右京:そうですね。武道館の時はけっこう泣いちゃったので、横アリでは、泣かないようにしたいなと思っていたのですが、そんなに意気込むこともなく、ふと出てきました。

shuji:「願いごと」をリリースした時と、武道館で右京が涙した後では、やっぱり、あの曲の意味みたいなものが変わりました。もしかしたら、「あれ、右京、また泣くんじゃね。
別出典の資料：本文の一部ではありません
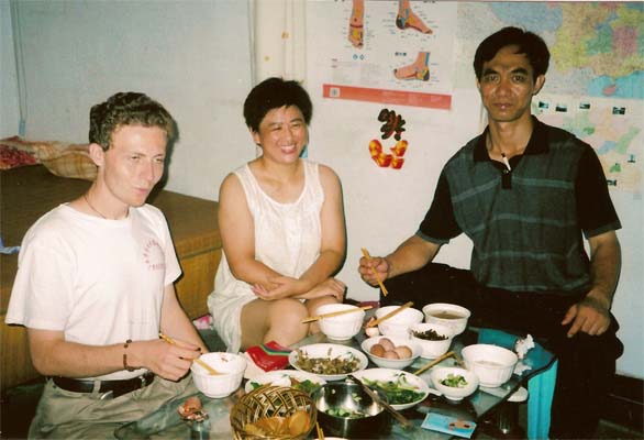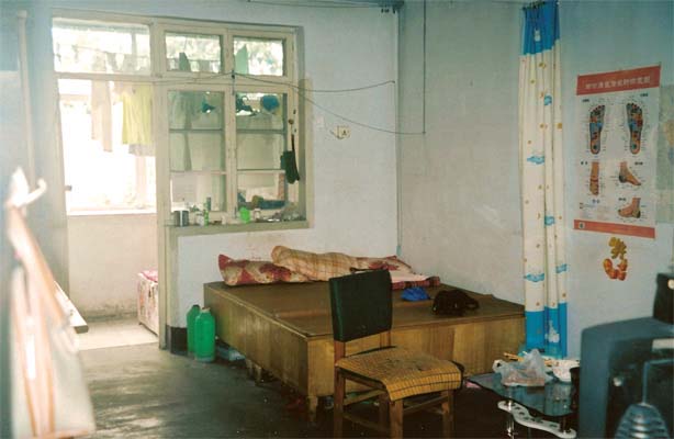 Excerpted from the Diary from China: What an experience [the laundry was]! They have a washing machine with two parts – on the left is a small cylinder that fills with water, you add the detergent, and it agitates the clothes for whatever length of time that you set. You take out those clothes without draining the water and add the next batch, let it agitate those clothes and so on, putting the darkest clothes in last. Meanwhile, as you pull the cleaned, soapy clothes out, you go into the bathroom (about 4 feet wide and 8 feet deep with an oblong ceramic hole set in concrete – the floor of the entire apartment is concrete, as is the floor of most homes we've visited --- plus a shower head above and a spigot on the back wall) and put a stool with a basin under the spigot and straddle the hole while you rinse the clothes thoroughly. You then take the rinsed clothes back to the washing machine and put them into the smaller cylinder on the right. That cylinder spins the clothes to wring out the water. And then you take the washed, rinsed, and spun clothes out to the back porch (8 feet deep and about 15 feet wide) which doubles as a guest bedroom (where their son fell asleep last night when Stephan and Master Sun worked on the book in the living room which doubles as his bedroom) and hang them on coat hangers along the rope strung over the bed.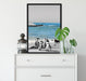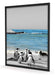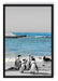 lustige Pinguine am Strand, Poster mit Bilderrahmen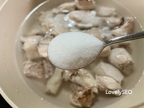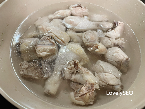 닭은 한 번 데쳐서 사용해요.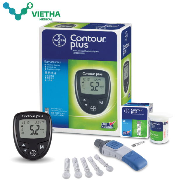 - Máy đo đường huyết Contour Plus đo lượng đường glucose trong máu toàn phần.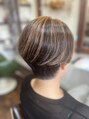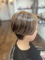 ショートスタイルにさりげなく個性をプラスするアンブレラカラー内側は落ち着いたトーンで上品に、トップに明るめカラーを乗せて大人女性の遊び心を演出します。髪を触る度に表情が変わるので、分け目やスタイリングで遊んでもOK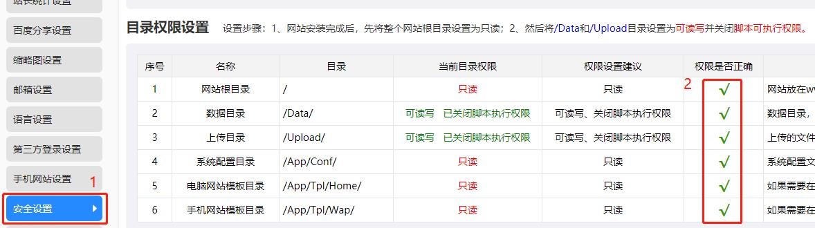 4、登錄網(wǎng)站管理后臺,依次進(jìn)入【設(shè)置】-【安全設(shè)置】,檢查一下目錄權(quán)限是否設(shè)置正確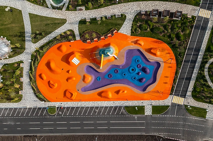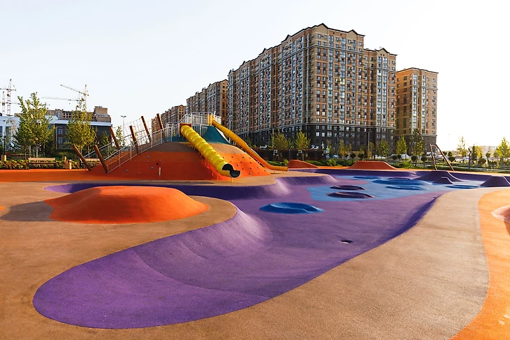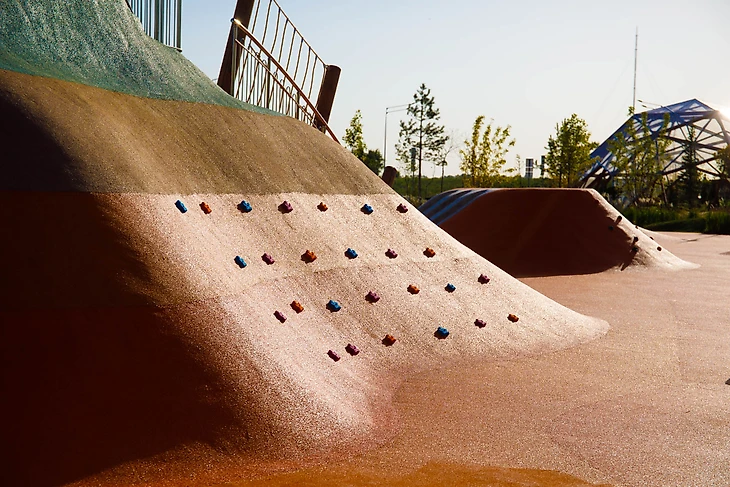 Создание детских пространств возле скейтпарков также позволяет перераспределить возрастные потоки. Когда рядом со скейтпарком есть такое пространство, дети могут играть на нём, и также безопасно кататься на детских велосипедах, самокатах и беговелах, не пересекаясь в движении с подростками и взрослыми. Скалодром с батутами и тарзанкой как стимуляторы всех отделов вестибулярной системы также развивают фантазию и интерес ребенка к играм и здоровому образу жизни, и подойдут как самым маленьким, так и детям постарше.

」ってちょっと心配になりつつ、そんなことが頭に浮かびながら、横アリでも演奏していました。

右京:グッとはきました(笑)。

マルシィ ‐ 【日本武道館公演Digest】one man live2025 "with your daily"

――来場者が掲げたスマホによって会場一面が真っ白に染まる光景は、やはり、今回の横浜アリーナ公演においても屈指のハイライトになったと思います。

タクミ:武道館の時も、横アリの時も、ワンマンで、マルシィが好きで会場に来てくれる人しかいないっていうのが分かっている中で、あれだけのライトを照らしてもらえたことが、すごく嬉しかったです。横アリは、武道館の時以上にさらにすごいことになっていて圧巻でしたね。もう本当に感謝しかないなっていう気持ちでいっぱいでした。

――少し大きな話にはなりますが、横浜アリーナ公演を経て、みなさんの中で、ライブに対する想いに何か変化などはありましたか?

右京:僕的には、ライブの意味合いみたいなものはあんまり変わってはいなくて。ライブは、僕らの中で時間を掛けて、揉んで作って配信した楽曲を、直接手渡しできる場所だと思っています。みなさんが日々聴いてくれている楽曲を、リアルタイムで、その時の想いを乗せて届けられる唯一の場所で、特にワンマンライブは、やっぱり僕らもそこを目がけて、たくさん想いを乗せて準備しますし、来てくれる方々も、その日に向けて、いろんな準備をしてくださって、各地から来てくれているのでそういう意味だと、僕らにとってライブはやっぱりすごく大事な場所だし、めちゃめちゃ重要な位置付けのものかなと思います。

shuji:僕の中でも一貫していて、ライブに対する想いはあんまり変わっていないです。僕は、ライブは答え合わせの場であってほしいと考えています。音源をめちゃくちゃ聴き込んでくれた上でライブに来てくれるとして、「どういった意味の歌詞なんだろう」「どういった意味のバンドアレンジなんだろう」って考えながら、その意味みたいなものは、みなさんそれぞれ一人ひとり絶対違うと思います。ライブで、みんながそれぞれ抱えてきたものを発散して、僕らが伝えたいメッセージと照らし合わせて、答え合わせをしてもらえると嬉しいです。僕はずっと、そういう素敵な空間になればいいなと思って演奏しています。

――それこそ、横浜アリーナの時も、右京さんが、「あなたにとって一番大切な人を思い浮かべながら聴いてください」とおっしゃっていましたね。

shuji:そうですね。同じ曲でも、響き方は人それぞれぜんぜん違っていいと思っています。